Зажав телефон между ухом и плечом, Соня на цыпочках бежит в комнату, находит среди пакетов и коробок свою дорожную сумку и под озадаченный взгляд мужчины, который сидит в наушниках за ноутбуком, выворачивает её. Ворошит вещи, бренчит ключами.
– Так мне цветок отнести или уже тебя дождаться?
«Бумажка с адресом… Где же она? Куда-то пропала! Куда она могла подеваться? Лучше переспросить… Записать… Ручку…»
– Да как знаешь. Лан, давай, у меня тут роуминг. Я тебя предупредила, если что, – говорит Ириска. Связь обрывается.
– Чёрт! – вполголоса выдаёт Соня.
Она смотрит в телефон, задумчиво заталкивая вываленные вещи обратно в сумку и не заметив, что кое-что из них завалилось между пакетами. Затем идёт в прихожую, где шарит по карманам куртки, – бумажки с адресом нигде нет. Возвращается на кухню. Цветок!
– Точно!
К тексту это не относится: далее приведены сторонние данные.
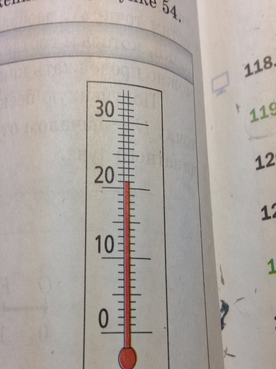 Какую температуру будет показывать термометр , изображенный на рисунке 54 , г , если его столбик :1) поднимается на три деления ; 2) опустится на 5 делений ?

В последний раз она была… здесь… – Соня шарит пальцами между листьями, у самого дёрна; досадливо морщится… – Потеряла, дура, – и, испуганно подавившись последним словом, с цветком в обнимку торопливо ныряет в ванную.
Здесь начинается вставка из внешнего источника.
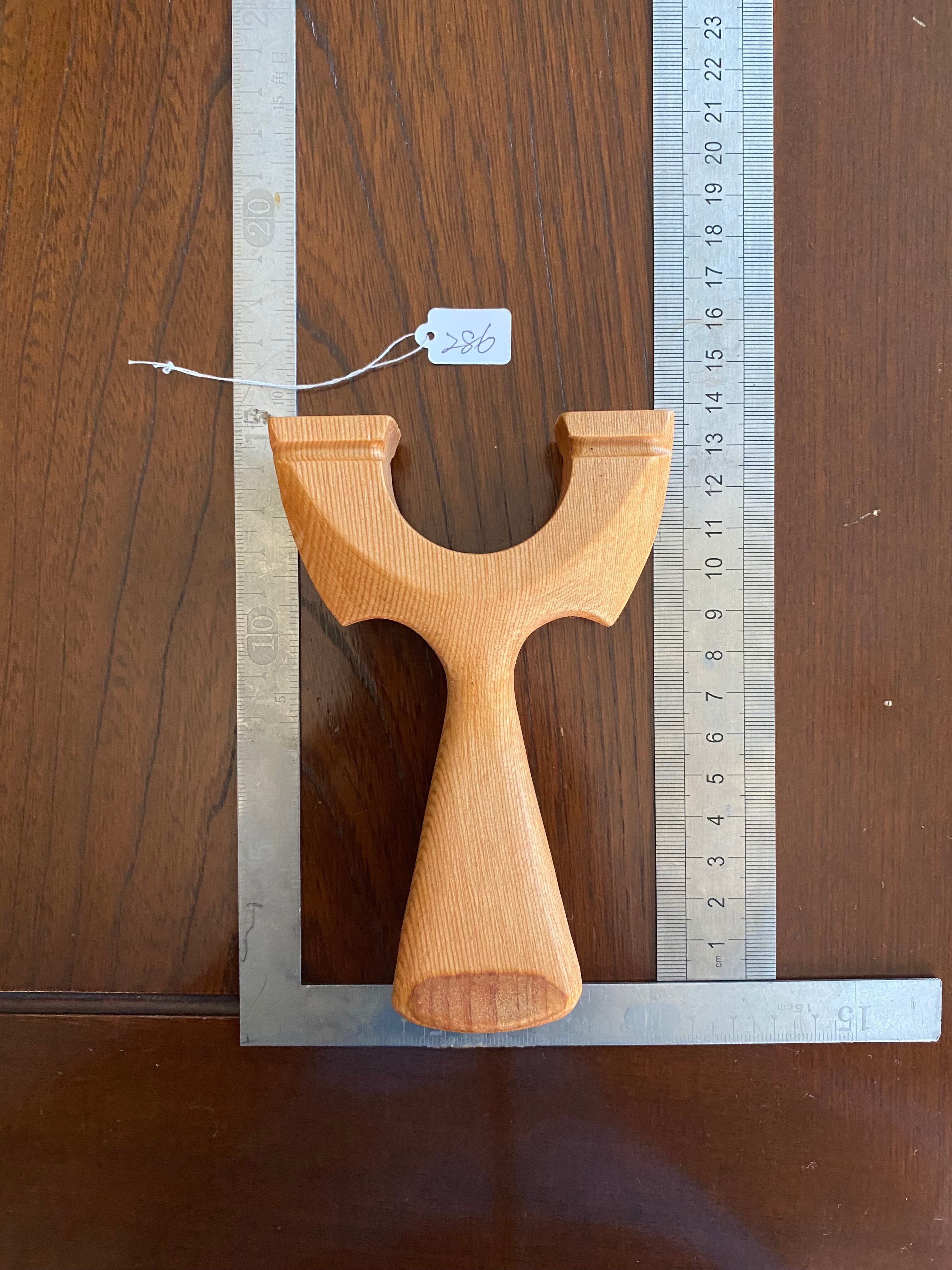 ヘッド持ちがしやすいようにハンドルの脇を深めにし、親指と人差し指を持つエリアを広めにしました。杉と思われる綺麗な木目でカッチリとした印象のスリングショットです。28mmの1枚板を使用し薄型ながらもデザイン製の高い作品になっています。ハンドルは扇型デザインです。

Там она включает душ, проверяет запястьем температуру и осторожно моет тонкие листики, пропуская их между пальцами.
– Когда-нибудь ты зацветёшь, – говорит полушёпотом. – А потом Ириска вернётся с морей, созвонимся, и ты поедешь домой. А встречаться с её обиженным мужиком… Да ну его нафиг. Вдруг он отбитый на всю голову…
Она встряхивает горшок, – с листьев осыпаются капли, – и ставит его на стиралку. Там лежит скомканная жёлтая футболка – хлопчатобумажная, она держит запахи особенно долго и за вчерашний день насквозь пропиталась пòтом. Соня дотрагивается до неё, а затем, не выдержав, порывисто вжимается в мягкую ткань и лицом, и грудью. Её можно задушить этой футболкой – такой она делает вдох.
Мучительным смерчем в неё врывается смесь из мёда, солёных фисташек и мускуса, – аромат роскошный, изысканный, словно из коллекции редких духов. Под рёбрами галопирует сердце.
Выдох и, снова, болезненными урывками несколько жадных вдохов, – ноздри её трепещут, будто у дикой лани, почуявшей запах пыли, порохового дыма и тёплой крови.
Она сгибается пополам, втиснув в себя нестерпимый источник афродизиаков и навалившись животом на стиральную машинку.
«Так может пахнуть только он – и жизнью, и смертью одновременно, – читает Грета, стоя у окна, чтобы наверняка увидеть, когда в калитку с улицы войдёт эта женщина. – В этом суть его аромата, и я хочу утолить свою жажду обладания им, завладеть этим запахом, запомнить его до мельчайших деталей, до самой отчаянной ноты.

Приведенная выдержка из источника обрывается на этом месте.